An Examination of Klaus Wachtel’s Text Critical Model


[N.B. READ THE ENDNOTES, FOLKS. THEY ARE IMPORTANT!]

Introduction

Westcott and Hort’s “dethroning” of the Byzantine text as the original text of the New Testament in favour of the text compiled from a handful of Alexandrian manuscripts required an explanation of the origin and dominance of the Byzantine text, which is the form of the text found in about 90-95% of the extant Greek NT manuscripts. For a long time, that explanation was that the Byzantine text was a recension (i.e. a deliberately edited and altered version of the original New Testament) made in the 4th century AD, ascribed to one Lucian of Antioch [1]. Despite a dearth of actual evidence for such a happening, this remained the party line of mainstream textual criticism for more than a century.

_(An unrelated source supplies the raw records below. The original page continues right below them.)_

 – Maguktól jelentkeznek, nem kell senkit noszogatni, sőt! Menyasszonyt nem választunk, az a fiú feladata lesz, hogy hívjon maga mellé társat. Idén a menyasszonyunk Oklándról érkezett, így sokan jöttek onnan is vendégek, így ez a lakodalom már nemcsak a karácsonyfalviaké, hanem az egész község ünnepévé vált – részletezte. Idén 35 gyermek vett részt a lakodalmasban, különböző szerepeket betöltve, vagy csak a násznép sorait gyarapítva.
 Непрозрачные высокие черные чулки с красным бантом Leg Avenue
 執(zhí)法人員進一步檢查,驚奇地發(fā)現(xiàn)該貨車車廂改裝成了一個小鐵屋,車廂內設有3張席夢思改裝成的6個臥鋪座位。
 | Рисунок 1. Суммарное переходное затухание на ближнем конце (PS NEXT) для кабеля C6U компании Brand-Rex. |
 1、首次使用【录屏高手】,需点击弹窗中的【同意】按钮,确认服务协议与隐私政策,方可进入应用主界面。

According to Peter Gurry, Assistant Professor of New Testament at Phoenix Seminary, however, this view is now passé; he vouchsafes that,

I know of no text critic today who would argue that the Byzantine text as we find it promulgated in the minuscules is the result of a concerted fourth-century recension … No major textual critic, to my knowledge, holds to Westcott and Hort’s fourth-century revision view anymore though it may well linger among those in the wider NT guild [2].

If Gurry is correct and “major” textual critics has moved on from the long-time party line, it is well past time that it did so. The claim of a Lucianic recension was a scam from the beginning, being unsupported by any genuine evidence [3].

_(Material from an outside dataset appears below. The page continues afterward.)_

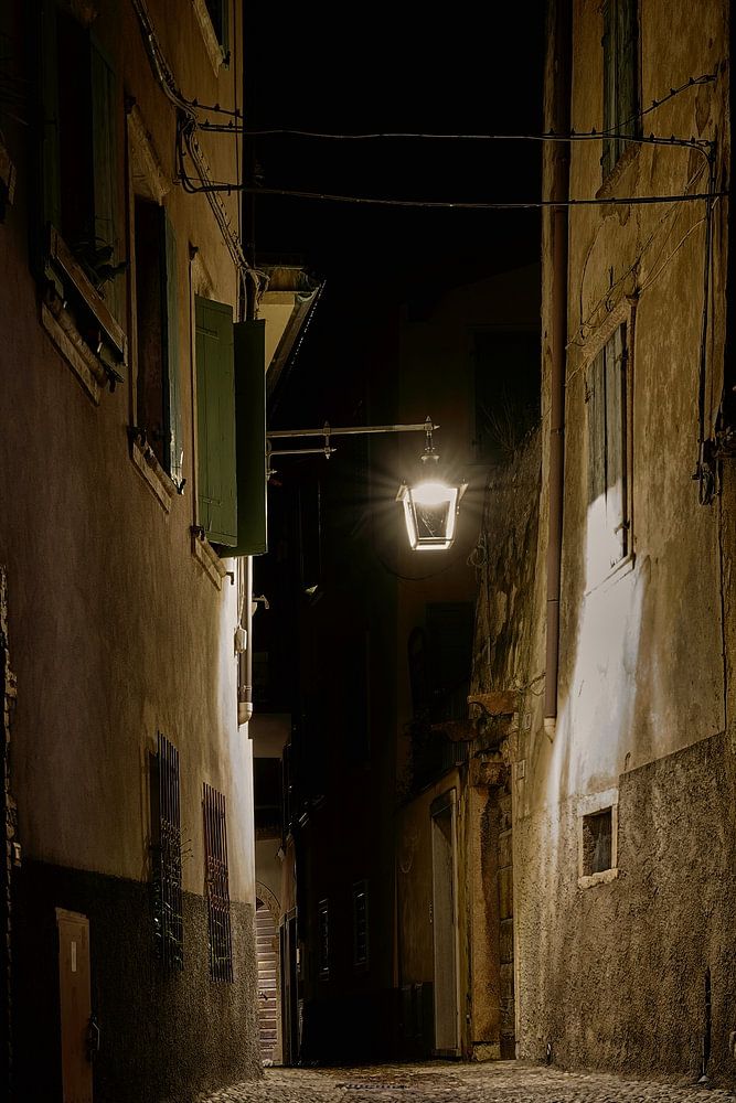 Romantic historic old town of Malcesine on Lake Garda in Italy with narrow streets at late hours without inhabitants and tourists. It was my first time in this place and I was immediately captivated by the history this place exudes. As the narrow streets are crowded with tourists during the day, it is a better choice to choose the night to capture the atmosphere. The paths are well lit and lead you through the historic centre of the town, following in the footsteps of earlier tourists like Goethe several centuries before me.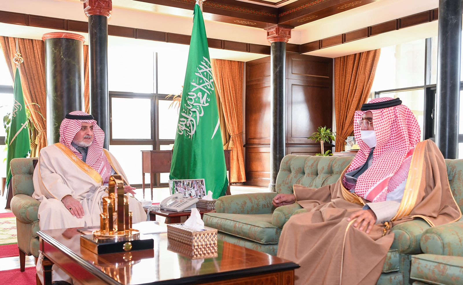 التقى صاحب السمو الملكي الأمير فهد بن سلطان بن عبدالعزيز أمير منطقة تبوك رئيس مجلس إدارة جمعية الملك عبد العزيز الخيرية بمكتبه بالإمارة اليوم ، المشرف العام على مدارس الملك عبدالعزيز النموذجية بالمنطقة إبراهيم بن حسين العُمري ، وأطلع سموه خلال اللقاء على تقرير عن سير العملية التعليمية بالمدارس وكذلك تقارير مؤشرات الأداء للمدارس ونواتج التعلم بها والخطط المستقبلية للتطوير والتوسع في أعمالها التعليمية مؤكداً سموه على أهمية التكامل بين المدرسة والمنزل ، ونوه الأمير فهد بن سلطان بما يحظى به قطاع التعليم في المملكة من دعم واهتمام من خادم الحرمين الشريفين الملك سلمان بن عبدالعزيز آل سعود, وسمو ولي العهد -حفظهما الله- متمنيا سموه للكادر التعليمي والطلاب والطالبات والأسر الكريمة المزيد من التوفيق والنجاح.

But if this long-time party line is abandoned, what are we to do about the Byzantine text? According to Gurry,

The most serious work on the Byzantine text’s development has been done by Klaus Wachtel, especially in his 1995 dissertation [4].

Gurry seems quite enthused about Wachtel’s model, saying,

I myself have found this view persuasive at least as far as the Catholic Letters are concerned … it is the most detailed and substantiated view of the Byzantine text’s origin on offer.

He goes on to aver that,

Byzantine prioritists (of whatever stripe) need to address Wachtel’s arguments not Westcott and Hort’s.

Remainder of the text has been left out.